What R’s most popular tools say about the state of data science

“Packages” are what make data science work.
“Packages” are what make data science work.
Image: Reuters/Gabrielle Lurie
By
We may earn a commission from links on this page.

The programming language R is one of the most important tools in data science, used by millions of people across the world. Along with spreadsheet programs, like Microsoft Excel and Google Sheets, and other programming languages, such as Python, SQL and Julia, R is what many analysts use to gain insights from the huge amount of data that’s collected these days.

This week, R users from across the world are gathering in Toulouse, France to discuss new developments at the useR! conference, the language’s premier international gathering. It’s the Super Bowl for data nerds, and nearly everything they—okay, we—will be talking about revolves around “packages.”

Almost every user of R relies heavily on packages (also known as libraries). These are plugins for R that make it simpler to complete tasks. The most famous R package is probably ggplot2, perhaps the world’s best freely available charting tool, and one of the main reasons many users are drawn to R in the first place. R is open source and free to use, and so are packages. Packages are typically made by particularly knowledgeable users.

Examining the most popular packages in R is a simple way to get a feel for what is happening in the world of data science. Fortunately, there is a package for that!

The package cranlogs allows R users to see how many times every package was downloaded on a given day. Users can download packages from many locations, and cranlogs focuses on just one of the most popular locations, so it not perfect but broadly representative of overall downloads.

The most downloaded packages are rlang and Rcpp. These are packages made for the development of packages or to make R work more efficiently, so they don’t tell use much about the world outside of R. The packages magrittr (tied for fifth), pillar (eighth) and R6 (10th) are also tools for developers.

The third-most popular download is dplyr, a package used to simplify data manipulation. It allows users to easily summarize data and make new variables out of existing ones. It reflects the fact that data scientists spend most of their time on data cleaning and preparation, not analysis. The tool was created by superstar R programmer Hadley Wickham, who also a developer or co-developer of top-10 packages tibble, ggplot2, glue, and pillar.

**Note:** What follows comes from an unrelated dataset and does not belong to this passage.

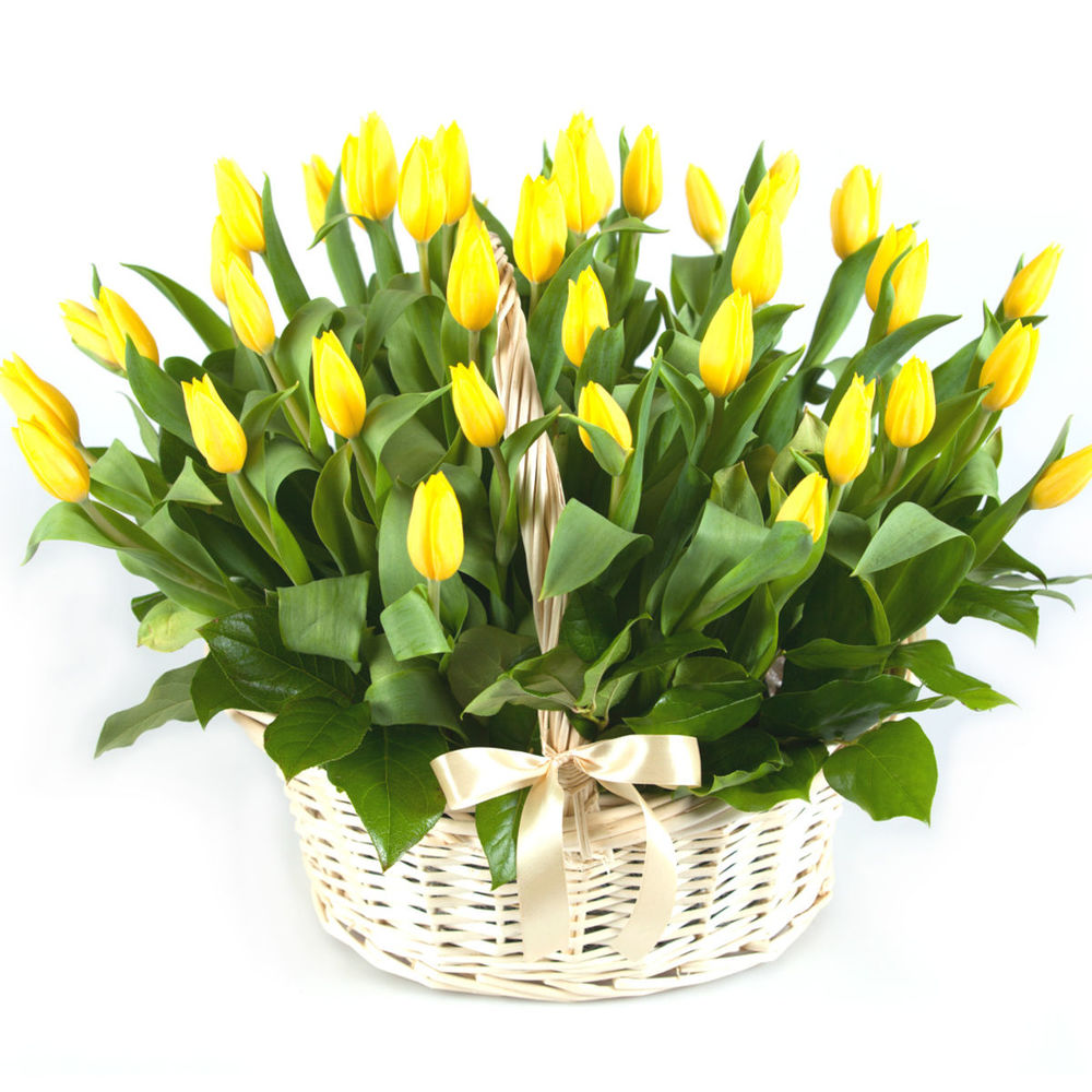 Желтые тюльпаны в корзине

Glue, the seventh-most popular package is designed for working with data that is text. Textual analysis and text manipulation is rising in importance, as much of the data produced today, such as on social media, is made up of words rather than numbers.

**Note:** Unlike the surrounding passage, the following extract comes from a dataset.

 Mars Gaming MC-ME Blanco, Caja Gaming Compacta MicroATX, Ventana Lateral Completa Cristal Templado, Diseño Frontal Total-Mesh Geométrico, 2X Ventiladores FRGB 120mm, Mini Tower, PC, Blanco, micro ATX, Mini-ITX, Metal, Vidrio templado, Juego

The ninth-most popular package is data.table, which is all about the need for speed. Data.table can make millions of calculations in seconds, important for running analysis on datasets with billions of rows.

In addition to the most popular packages, looking at the fastest-growing packages over the past year is also informative. Four packages had at least 750,000 more downloads in June 2019 than in June 2018. First among these, with an increase of nearly 900,000 downloads, is aws.s3, a package that allows R users to easily work with data held by Amazon Web Services (AWS). The fourth-fastest growing package, aws.ec2metadata, is a related tool for working with AWS. Clearly, data scientists are moving to the cloud.

The third-fastest growing package is rsconnect, a tool for making interactive applications like dashboards. Making dashboards to organize and visualize data for a wide range of users has become a central part of the data scientist’s toolkit.